Python - Generating random dna sequences with Nump

2019-02-27 16:55发布

问题:

there are two questions i would like to ask anybody that is familiar with numpy. i have seen very similar questions (and answers) but none of those used numpy which i would like to use since it offers a lot of other options i might want to use within that code in the future. i have tried to generate a list of random nucleotide sequences using "random" in python. since i wanted to have non-uniform probabilities i decided to use numpy instead. however, i get the error message: "ValueError: a must be 1-dimensional or an integer".

import numpy as np

def random_dna_sequence(length):
    return ''.join(np.random.choice('ACTG') for _ in range(length))

with open('dna.txt', 'w+') as txtout:
    for _ in range(10):
        dna = random_dna_sequence(100)
        txtout.write(dna)
        txtout.write("\n")

        print (dna)

i'm a complete scrub and i can't figure out where or how multidimensionality comes into play. i suspect ".join()" but i'm not sure and also unsure how i could replace it. my other question is how to get non-uniform probability. i tried with "np.random.choice('ACTG', p=0.2, 0.2, 0.3, 0.3)" but it doesn't work.

i hope there is somebody out there that can help. thanks in advance.

greetings, bert

回答1:

For the first part of your question, pass a as a list:

def random_dna_sequence(length):
    return ''.join(np.random.choice(list('ACTG')) for _ in range(length))

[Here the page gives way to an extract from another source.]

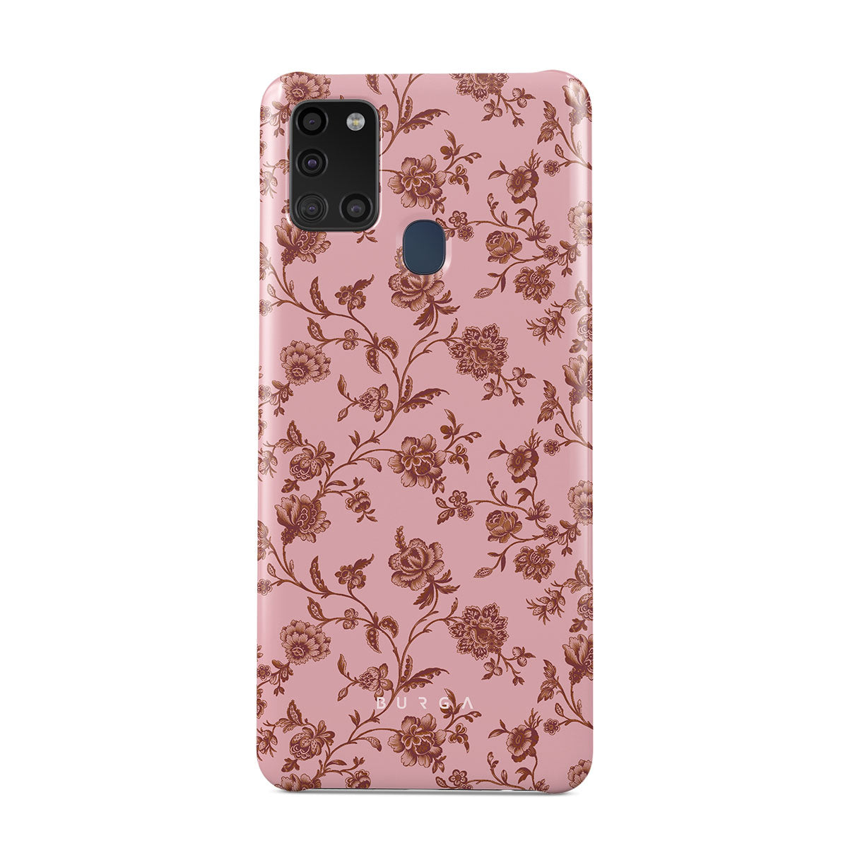 The Lover Samsung Galaxy A21s 4G phone case design: because you're a Lover, not a fighter. Delicate floral motifs across a soft pink background capture the essence of timeless beauty and rustic elegance. Perfect for modern-day cowgirls with a vintage heart.

Or define your bases as a list or tuple:

BASES = ('A', 'C', 'T', 'G')

def random_dna_sequence(length):
    return ''.join(np.random.choice(BASES) for _ in range(length))

The second part has a similar solution: pass the probabilities as a list or tuple:

BASES = ('A', 'C', 'T', 'G')
P = (0.2, 0.2, 0.3, 0.3)

def random_dna_sequence(length):
    return ''.join(np.random.choice(BASES, p=P) for _ in range(length))


回答2:

I had come to a similar solution as mhawke, as far as the random_dna_sequence function is concerned. However, I am generating a sequence as long as chromosome 1 of the human genome, and it was taking almost a minute with my method, so I tried mhawke's method to see if I had any speed gains. On the contrary, it took about 10 times as long. So, for anyone dealing with large sequences, I recommend making the following change to the return statement:

BASES = ('A', 'C', 'G', 'T')
def random_dna_sequence(length):
    return ''.join(np.random.choice(BASES, length))

This basically lets numpy perform the loop, which it does much more efficiently. I hope this helps.